That’s how much you’re losing per sales rep over the course of a year because your team is wasting time chasing the wrong deals, according to the Altify Buyer/Seller Value Index, co-sponsored by InsideSales.com.

What the new research reveals

The Buyer/Seller Value Index is designed to inform those on both sides of the negotiating table and expose the dangerous myths and misleading statistics that are hurting the sales industry.

Altify crunched the numbers and discovered that salespeople with a quota of $1 million and an average deal size of $100,000 suffered a loss of $218,000 over the course of a year by pursuing the wrong leads and opportunities.

That’s a lot of money to leave on the table, especially when you multiply that number by all the people on your sales team.

Sellers need to do a much better job qualifying engagement early, so they can avoid wasting energy and resources on unfruitful deals.

Early failure is better than late failure

A lost opportunity is disappointing regardless of when it happens. Sales and marketing teams work hard to hunt down leads and wish all their prospects could see the light and become customers.

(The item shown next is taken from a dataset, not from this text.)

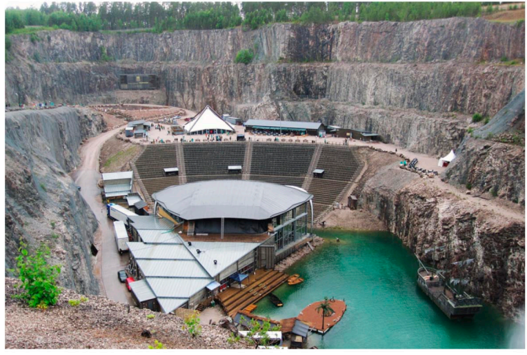
Into the valley - Estònia

That said, if you are going to lose a prospect, it’s better to do it early because the longer you spend chasing somebody who will never buy, the more expenses you’ll rack up. Not to mention the opportunity cost of lost time you could have spent on more profitable deals that you could have closed.

Imagine the money that could be saved and earned if reps were able to divert their attention away from deals that have no chance of ever closing, and spend it pursuing real buyers.

Evaluate leads across entire sales funnel

Sales teams should evaluate their leads right from the beginning to determine which ones are worth pursuing. Unfortunately, salespeople often don’t know whether deals are worth committing to until they’ve gone too far down the rabbit hole.

Traditionally, most sales models include a human element for some aspect of their lead scoring. These models suffer from shortfalls associated with human efforts, such as biases and finite energies and timetables. So results are inevitably flawed, skewed or, at best, not comprehensive.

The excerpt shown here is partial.